> [PROBLEM STATEMENT] Below are the records; return exactly the lines from the one with "- Unilever remained" through the final line, both included, minus any pictures.

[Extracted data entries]
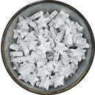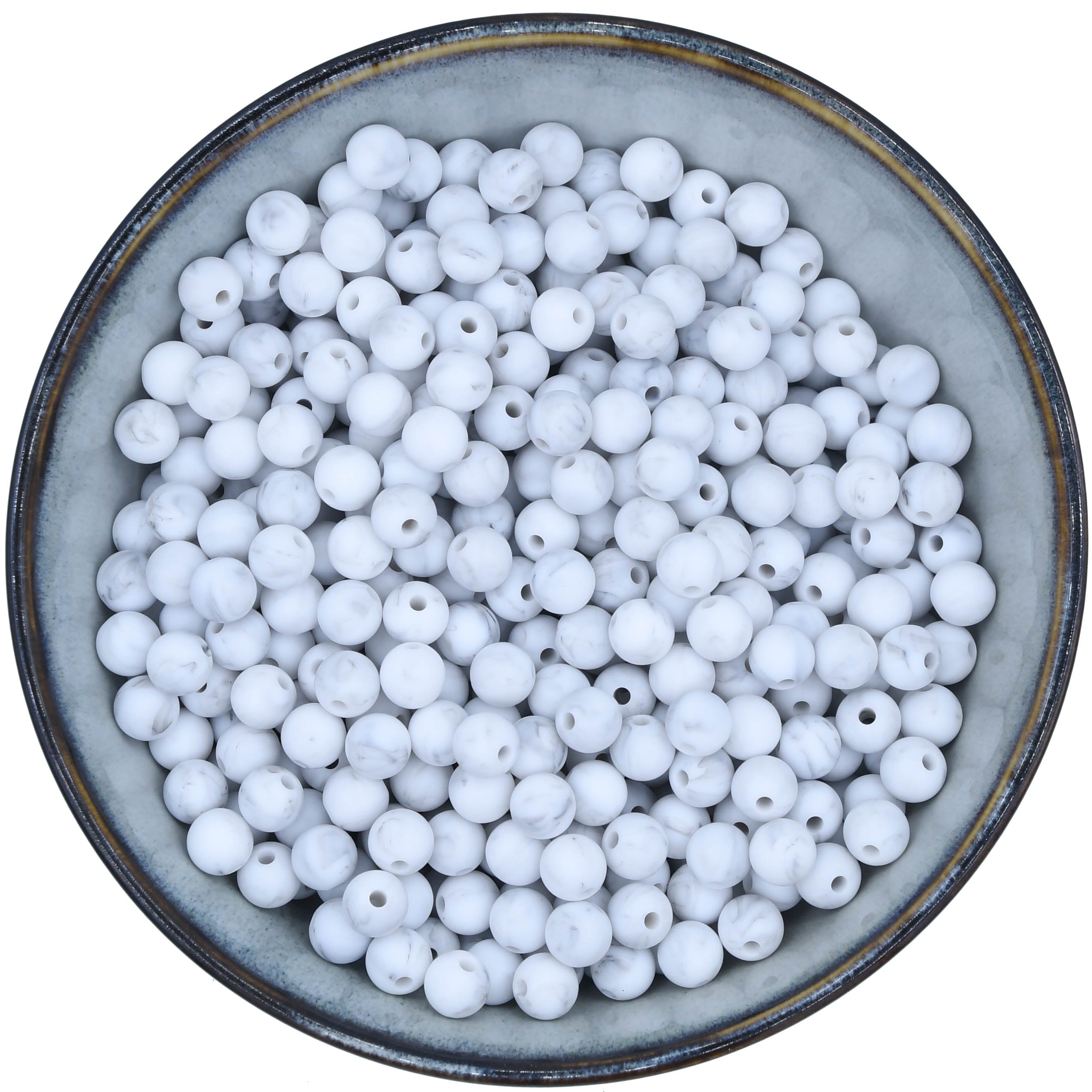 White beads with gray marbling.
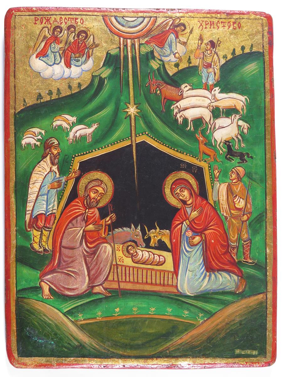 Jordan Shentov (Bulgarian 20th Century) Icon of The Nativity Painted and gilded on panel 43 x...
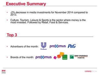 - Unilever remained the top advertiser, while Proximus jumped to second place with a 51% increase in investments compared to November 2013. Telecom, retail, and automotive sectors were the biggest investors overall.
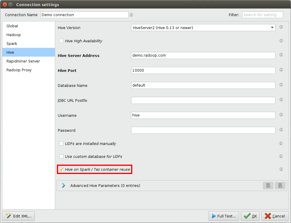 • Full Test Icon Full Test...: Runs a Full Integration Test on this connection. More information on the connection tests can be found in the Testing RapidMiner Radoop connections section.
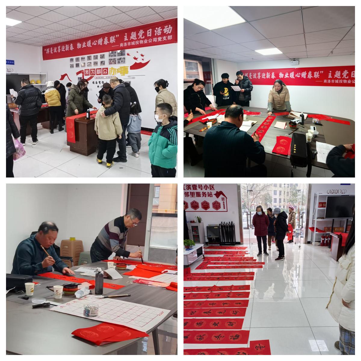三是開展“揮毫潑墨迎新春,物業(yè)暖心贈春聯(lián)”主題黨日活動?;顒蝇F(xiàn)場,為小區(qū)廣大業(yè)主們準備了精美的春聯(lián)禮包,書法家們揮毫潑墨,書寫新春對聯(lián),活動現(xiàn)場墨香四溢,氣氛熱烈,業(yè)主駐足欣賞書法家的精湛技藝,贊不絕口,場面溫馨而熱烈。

> [TASK SOLUTION]
 - Unilever remained the top advertiser, while Proximus jumped to second place with a 51% increase in investments compared to November 2013. Telecom, retail, and automotive sectors were the biggest investors overall.
 • Full Test Icon Full Test...: Runs a Full Integration Test on this connection. More information on the connection tests can be found in the Testing RapidMiner Radoop connections section.
三是開展“揮毫潑墨迎新春,物業(yè)暖心贈春聯(lián)”主題黨日活動?;顒蝇F(xiàn)場,為小區(qū)廣大業(yè)主們準備了精美的春聯(lián)禮包,書法家們揮毫潑墨,書寫新春對聯(lián),活動現(xiàn)場墨香四溢,氣氛熱烈,業(yè)主駐足欣賞書法家的精湛技藝,贊不絕口,場面溫馨而熱烈。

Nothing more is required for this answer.